Sainskita.com - Sebuah studi baru oleh tim peneliti di University College London (UCL) Inggris mengungkapkan ada 203 gejala long COVID, kondisi di mana gejala bertahan selama berminggu-minggu atau berbulan-bulan setelah pasien dinyatakan sembuh dari infeksi COVID-19.
Penelitian yang dipublikasikan di Lancet's EClinicalMedicine tersebut didasarkan pada survei web yang dibagikan di seluruh grup pendukung COVID-19 online Body Politic.

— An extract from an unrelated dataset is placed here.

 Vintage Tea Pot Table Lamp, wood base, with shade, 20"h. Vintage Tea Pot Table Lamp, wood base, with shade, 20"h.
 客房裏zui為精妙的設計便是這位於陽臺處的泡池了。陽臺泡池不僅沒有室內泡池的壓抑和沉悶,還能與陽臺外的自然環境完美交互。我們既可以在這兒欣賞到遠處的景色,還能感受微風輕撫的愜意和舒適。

Tim menerima tanggapan dari 3.762 peserta yang memenuhi syarat dari 56 negara. Mereka mengidentifikasi ada 203 gejala long COVID yang mempengaruhi 10 sistem organ dalam tubuh.

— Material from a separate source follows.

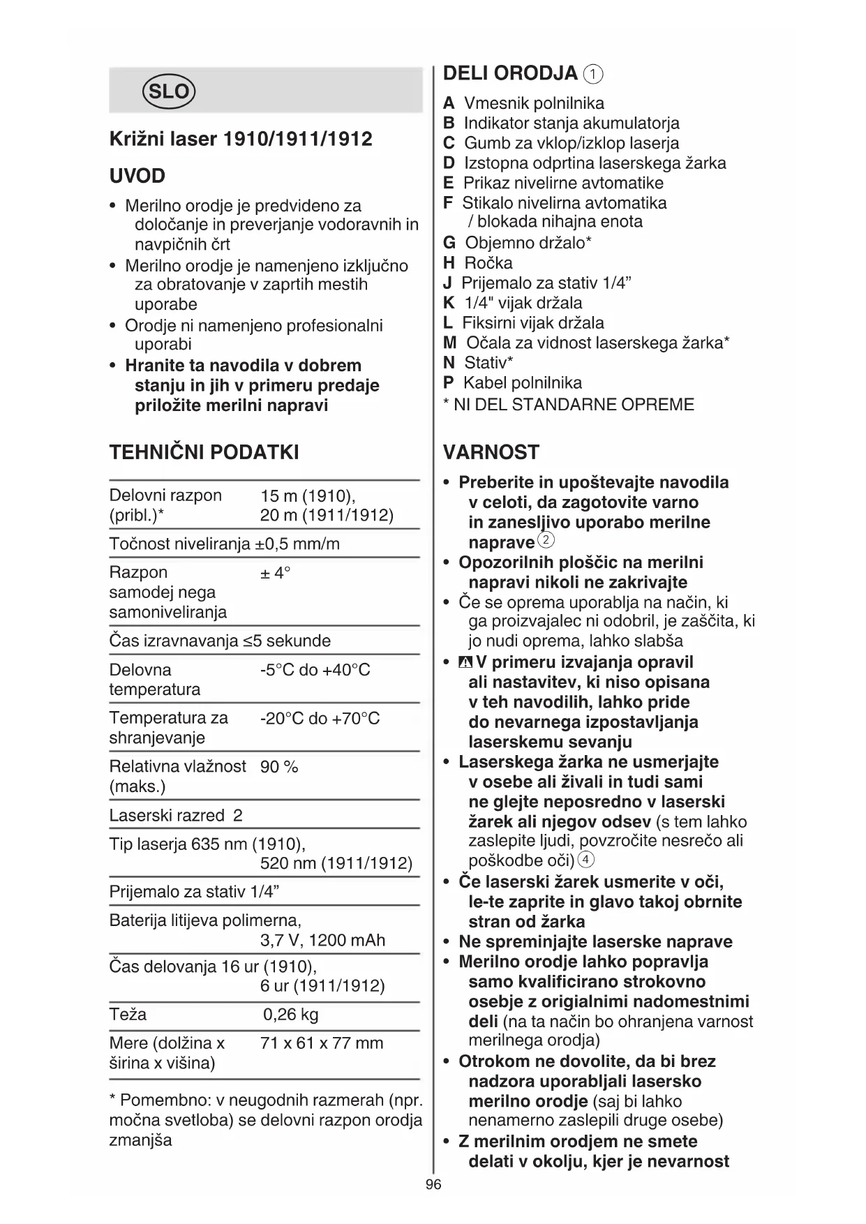 b, da zaklenete enoto za niveliranje, kadar UPORABLJATE samodejno niveliranje - vklopljenega merilnega orodja nikoli ne puščajte brez nadzorstva in ga po uporabi izklopite (laserski žarek lahko zaslepi druge osebe) - ko merilnega orodja ne uporabljate, ga izklopite, da bi tako privarčevali z energijo

Gejala yang paling banyak ditemukan atau dilaporkan adalah kelelahan, post esertional malaise (memburuknya kondisi kesehatan seseorang setelah mengalami tekanan fisik atau mental) dan brain fog (tak bisa berkonsentrasi, linglung).
Gejala lain yang ditemukan peneliti berdasarkan studi ini yaitu disfungsi seksual, halusinasi visual, tremor, kulit gatal, perubahan siklus menstruasi, jantung berdebar, masalah kontrol kandung kemih, herpes zoster, kehilangan memori, penglihatan kabur, diare, dan tinnitus.
"Ini adalah karakterisasi paling komprehensif dari gejala long COVID sejauh ini," ujar penulis utama dalam studu ini, Dr Athena Akrami, seorang ahli saraf di Sainsbury Wellcome Center di UCL, seperti dilansir dari IFLSience, Senin (19/7/2021).
“Untuk pertama kalinya penelitian ini menyoroti spektrum gejala yang luas, terutama neurologis, lazim dan persisten pada pasien long COVID. Disfungsi memori dan kognitif, yang dialami oleh lebih dari 85% responden, adalah gejala neurologis yang paling pervasif dan bertahan, sama-sama umum di semua usia, dan dengan dampak substansial pada pekerjaan,” imbuhnya.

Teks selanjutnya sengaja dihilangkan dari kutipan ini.